» What is required: Restate the listing below word for word, pictures excluded.

» Data shown:
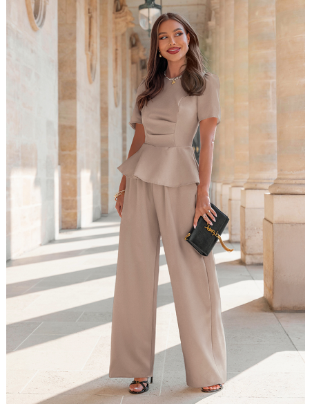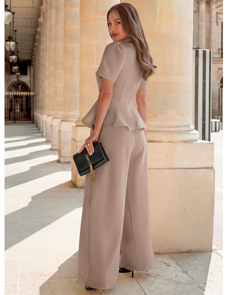 Komplet bluzka i szerokie spodnie Elorette - mocha mousse
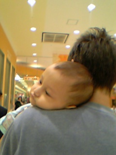 さかのぼって書いています_“〆(б゛б*) 今日は、前回海辺でデートして以来久しぶりのスキッピーさん と、可愛い可愛い男の子ケニー君のママ、ケニママさんに会ってきました♪赤ちゃん連れのお出かけって予想外の事件?があったりするから、早め早めに準備して、出かけたら結構順調で(笑)、あっという間に目的地ここに来ると、絶対行ってしまうのがGAP。夏になると冷房が効きすぎたりするので、ノースリーブのさくぼうには辛いかなぁと思って軽くはおれるカーディガンでも・・と覗いただけだったのに、可愛いGジャン発見思わず手に取ったけど、半そでに丈がこんな短いんじゃ冷房対策にならないじゃん!ってことで断念。ピンクのパーカーみたいな薄手のジャケットと、キャミソールっぽいデザインのベビースーツまで買っちゃったよ(二枚2400円だった・笑)*†*:;;;:*†*:;;;:*†*:;;;:*†*:;;;:*†*:;;;:*†* 久々会ったスキッピーさん、髪が伸びて可愛いお花の髪飾りで横に束ね、キュート初対面のケニママさんも、お目目ぱっちりの可愛らしい女性でしたケニー君にお目目がそっくりだったね~!とっても話しやすいし面白いし、よく笑ってたなぁ(笑)♪恭子さんの『○○を叩きながら~♪』の変な歩き方をみながらウケたり。(ゴメンねスキッピーさん・・( ̄m ̄〃)でも強烈だった・爆)ケニー君とさくぼうは隣同士、見つめあったり手を触りあったりなんだかラブラブモードだったし・・ああ若いってうらやましい(笑)恭子さんはやっぱり可愛くて天真爛漫という言葉が本当にぴったり。注文してからご飯が出てくるまで散々、 『もうーーー恭子早く飲んで食べて~ってしたいのにぃ・・(>_
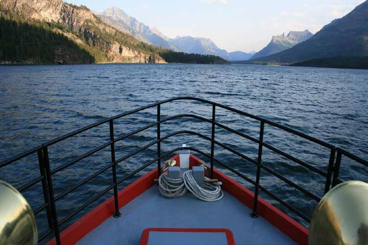 Historic M.V. International shuttles passengers across the liquid border shimmering between Goat Haunt, Montana and Emerald Bay in Waterton Park, Alberta. Once upon a time, during the days of Alberta’s so-called Blue-Laws, the vessel was used as a boat of festivities, so that people could step aboard to enjoy music, dance and drink in Montana (outside of Alberta’s jurisdiction.)

» Task solution:
 Komplet bluzka i szerokie spodnie Elorette - mocha mousse
 さかのぼって書いています_“〆(б゛б*) 今日は、前回海辺でデートして以来久しぶりのスキッピーさん と、可愛い可愛い男の子ケニー君のママ、ケニママさんに会ってきました♪赤ちゃん連れのお出かけって予想外の事件?があったりするから、早め早めに準備して、出かけたら結構順調で(笑)、あっという間に目的地ここに来ると、絶対行ってしまうのがGAP。夏になると冷房が効きすぎたりするので、ノースリーブのさくぼうには辛いかなぁと思って軽くはおれるカーディガンでも・・と覗いただけだったのに、可愛いGジャン発見思わず手に取ったけど、半そでに丈がこんな短いんじゃ冷房対策にならないじゃん!ってことで断念。ピンクのパーカーみたいな薄手のジャケットと、キャミソールっぽいデザインのベビースーツまで買っちゃったよ(二枚2400円だった・笑)*†*:;;;:*†*:;;;:*†*:;;;:*†*:;;;:*†*:;;;:*†* 久々会ったスキッピーさん、髪が伸びて可愛いお花の髪飾りで横に束ね、キュート初対面のケニママさんも、お目目ぱっちりの可愛らしい女性でしたケニー君にお目目がそっくりだったね~!とっても話しやすいし面白いし、よく笑ってたなぁ(笑)♪恭子さんの『○○を叩きながら~♪』の変な歩き方をみながらウケたり。(ゴメンねスキッピーさん・・( ̄m ̄〃)でも強烈だった・爆)ケニー君とさくぼうは隣同士、見つめあったり手を触りあったりなんだかラブラブモードだったし・・ああ若いってうらやましい(笑)恭子さんはやっぱり可愛くて天真爛漫という言葉が本当にぴったり。注文してからご飯が出てくるまで散々、 『もうーーー恭子早く飲んで食べて~ってしたいのにぃ・・(>_
 Historic M.V. International shuttles passengers across the liquid border shimmering between Goat Haunt, Montana and Emerald Bay in Waterton Park, Alberta. Once upon a time, during the days of Alberta’s so-called Blue-Laws, the vessel was used as a boat of festivities, so that people could step aboard to enjoy music, dance and drink in Montana (outside of Alberta’s jurisdiction.)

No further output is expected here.